Below are the records; return exactly the lines from the one with "View of Riga" through the final line, both included, minus any pictures.

* [THE RECORDS]:

----

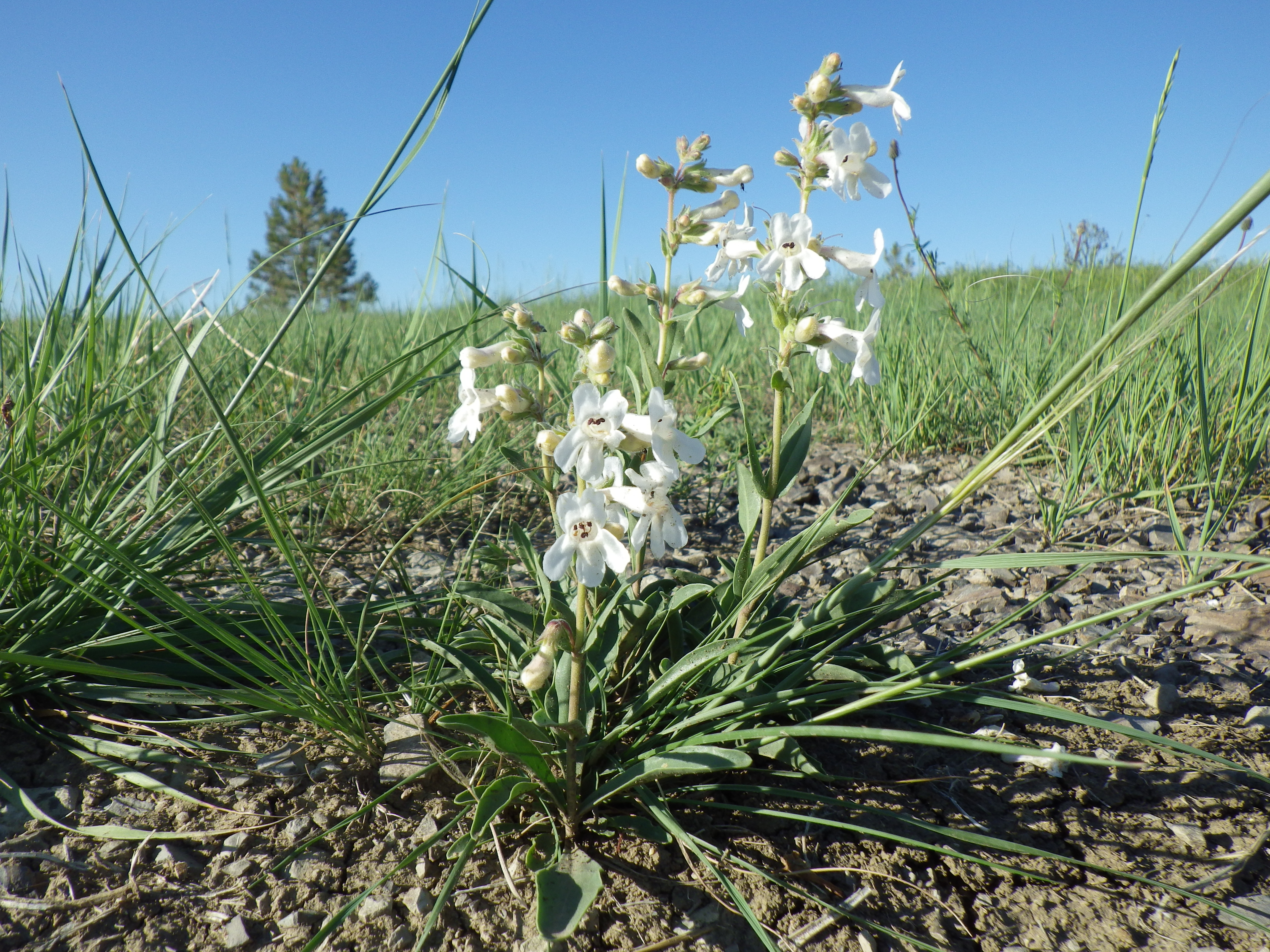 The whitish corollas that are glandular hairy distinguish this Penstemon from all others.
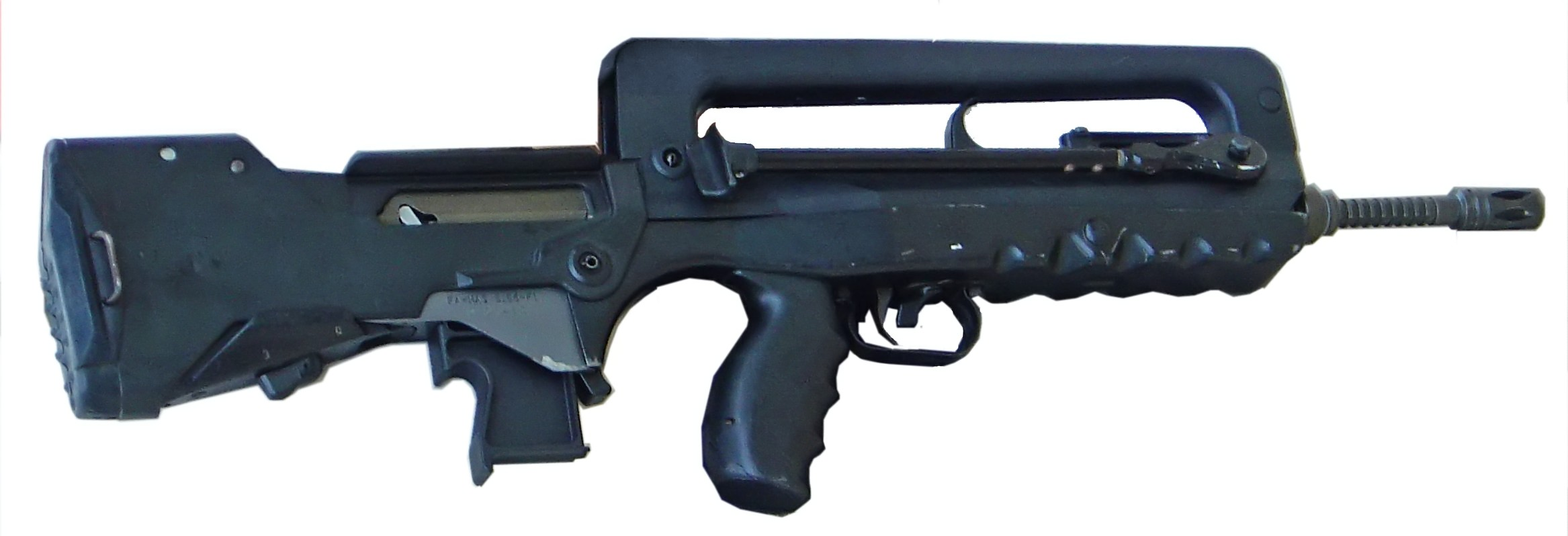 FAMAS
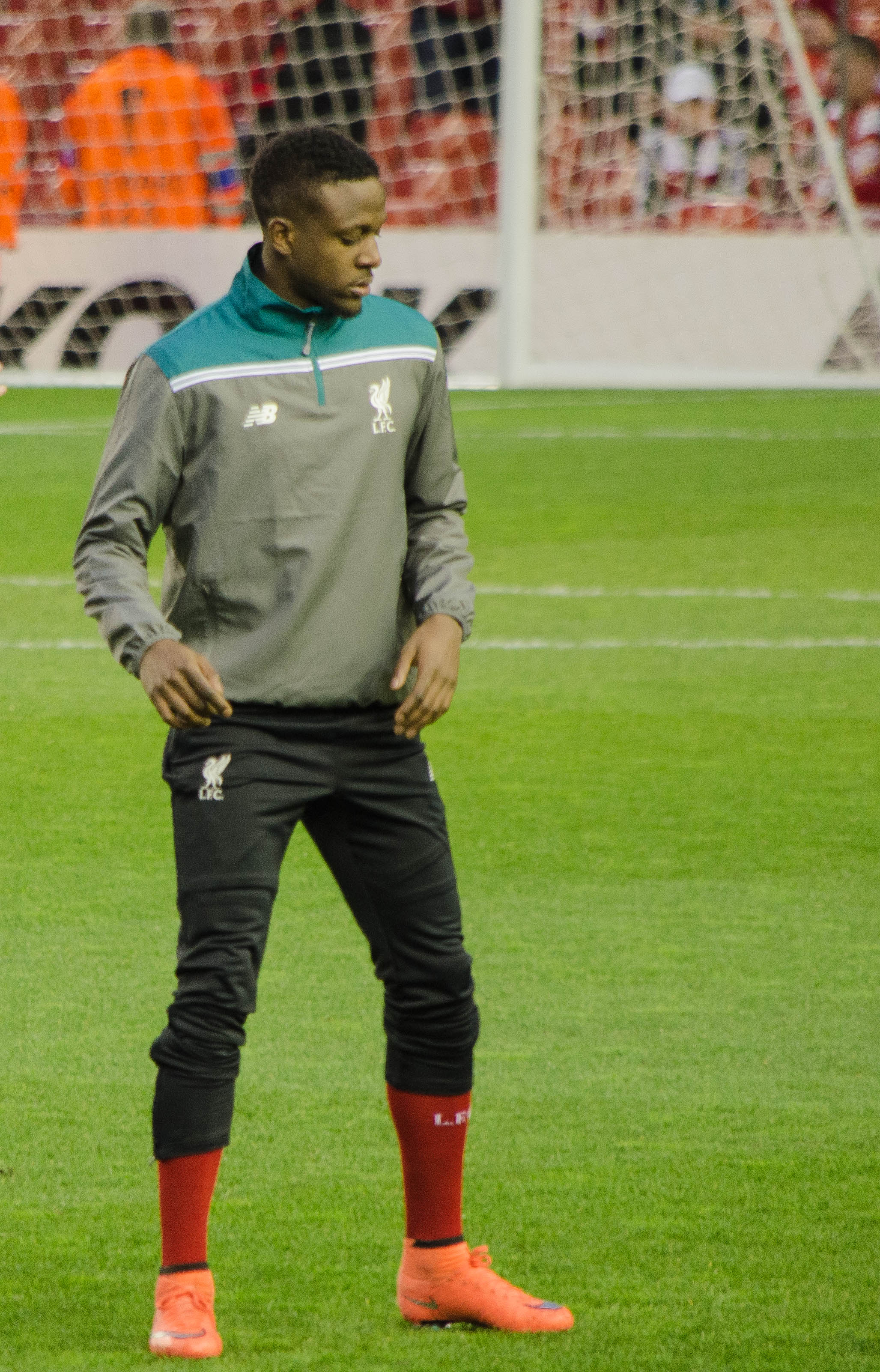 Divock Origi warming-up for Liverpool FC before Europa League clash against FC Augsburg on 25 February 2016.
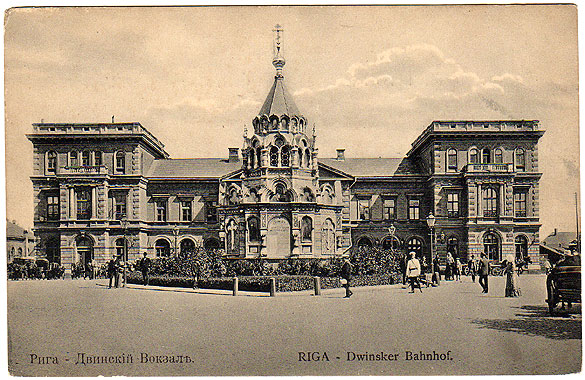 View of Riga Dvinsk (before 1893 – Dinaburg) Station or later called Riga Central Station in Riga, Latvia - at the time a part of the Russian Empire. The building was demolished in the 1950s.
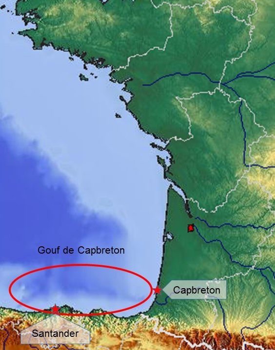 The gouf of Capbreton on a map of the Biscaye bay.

----

* [WRITTEN REPLY]:
 View of Riga Dvinsk (before 1893 – Dinaburg) Station or later called Riga Central Station in Riga, Latvia - at the time a part of the Russian Empire. The building was demolished in the 1950s.
 The gouf of Capbreton on a map of the Biscaye bay.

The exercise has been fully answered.